Hdfs://172.25.0.7:9000

# vim hdfs-site.xml

Dfs.replication

two

# bin/hdfs namenode-format

# sbin/start-dfs.sh

# jps

# ps-ax can see namenode and secondarynamenode processes

# bin/hdfs dfs-mkdir / user/hadoop

# bin/hdfs dfs-put input/ test

Input can be seen on web for upload.

MapReduce's JobTracker/TaskTracker mechanism requires large-scale adjustments to fix its shortcomings in scalability, memory consumption, threading model, reliability and performance.

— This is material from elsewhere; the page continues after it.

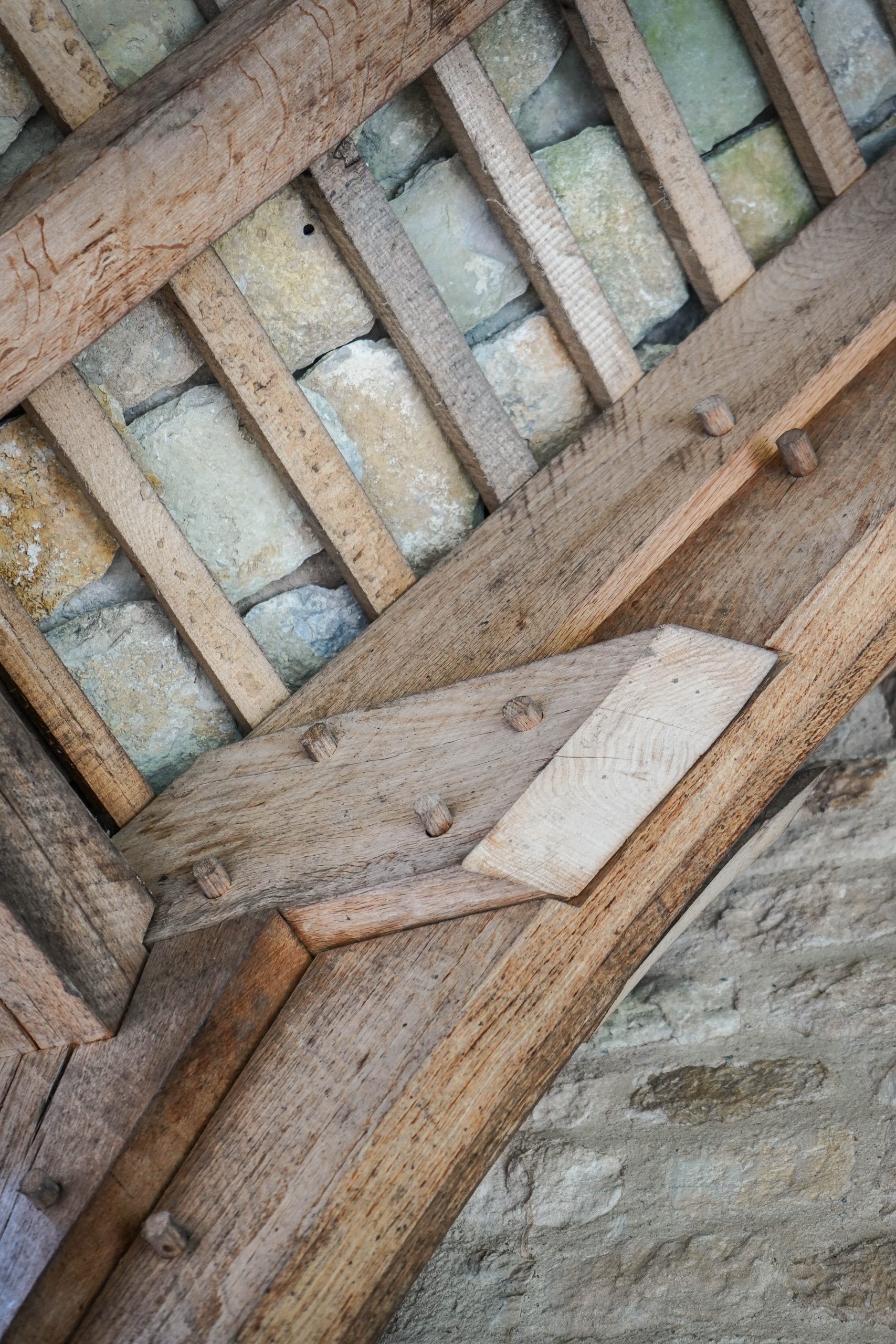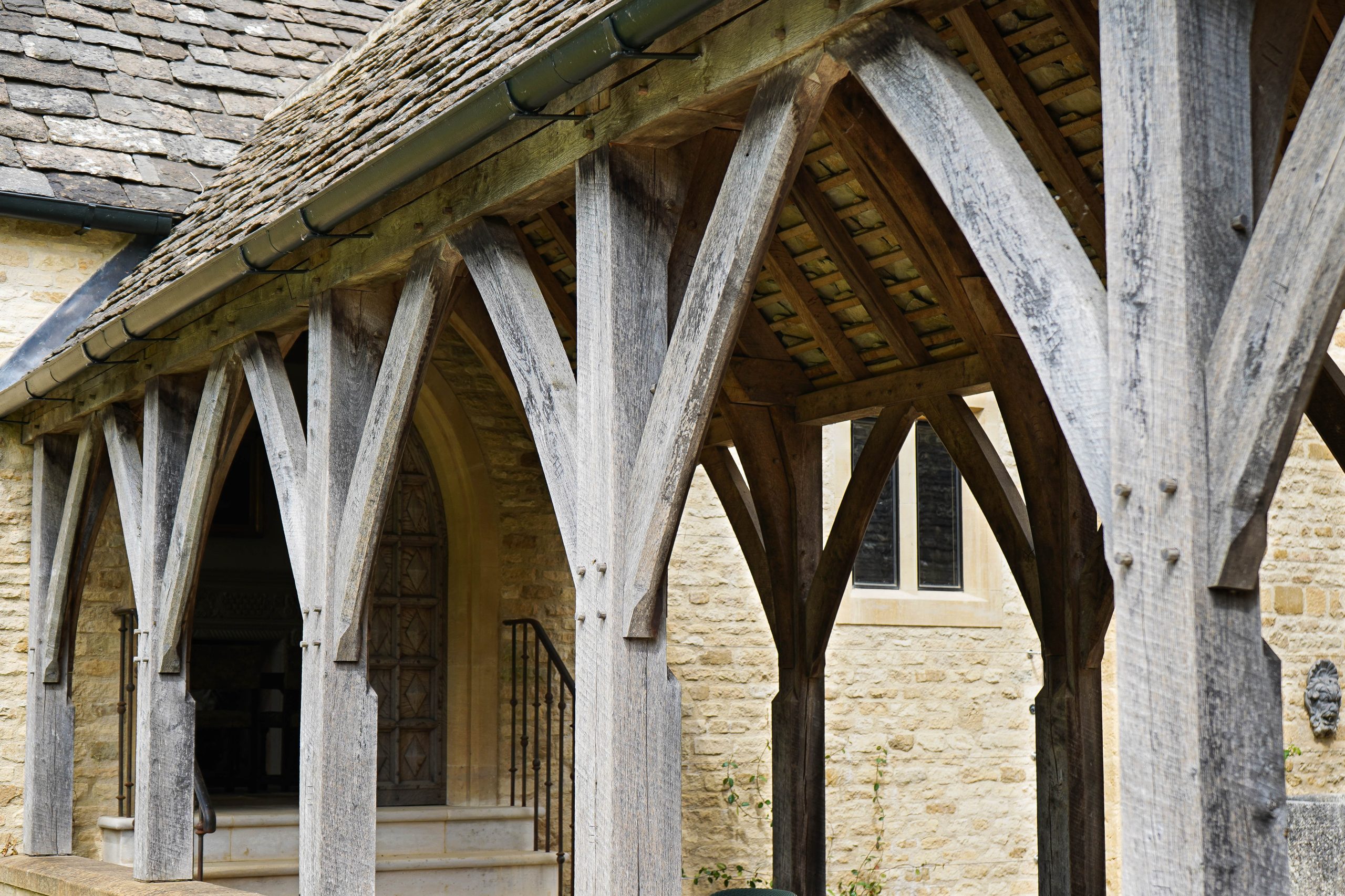 As part of a very long and careful restoration project TFCo designed, built and installed the beautiful oak frames to a new kitchen and dining room roof and cloister link between two parts of this unique historic medieval manor house. The oak was hand scrub planed to remove the modern band sawn surfaces and the frames are built with pegged traditional joints and historically appropriate detailing.
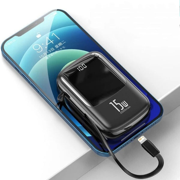 QPow Digital Display 10000mAh Powerbank - iPhone Lightning Cable

In order to fundamentally solve the performance bottleneck of the old MapReduce framework and promote the longer-term development of the Hadoop framework, since version 0.23.0, the MapReduce framework of Hadoop has been completely reconstructed and fundamental changes have taken place. The new Hadoop MapReduce framework is named MapReduceV2 or Yarn

# vim etc/hadoop/yarn-site.xml

< property>

Yarn.resourcemanager.hostname

Server7.example.com

# sbin/start-yarn.sh

# jps

Server8 can see that the process has been started

Welcome to subscribe "Shulou Technology Information " to get latest news, interesting things and hot topics in the IT industry, and controls the hottest and latest Internet news, technology news and IT industry trends.

*The comments in the above article only represent the author's personal views and do not represent the views and positions of this website. If you have more insights, please feel free to contribute and share.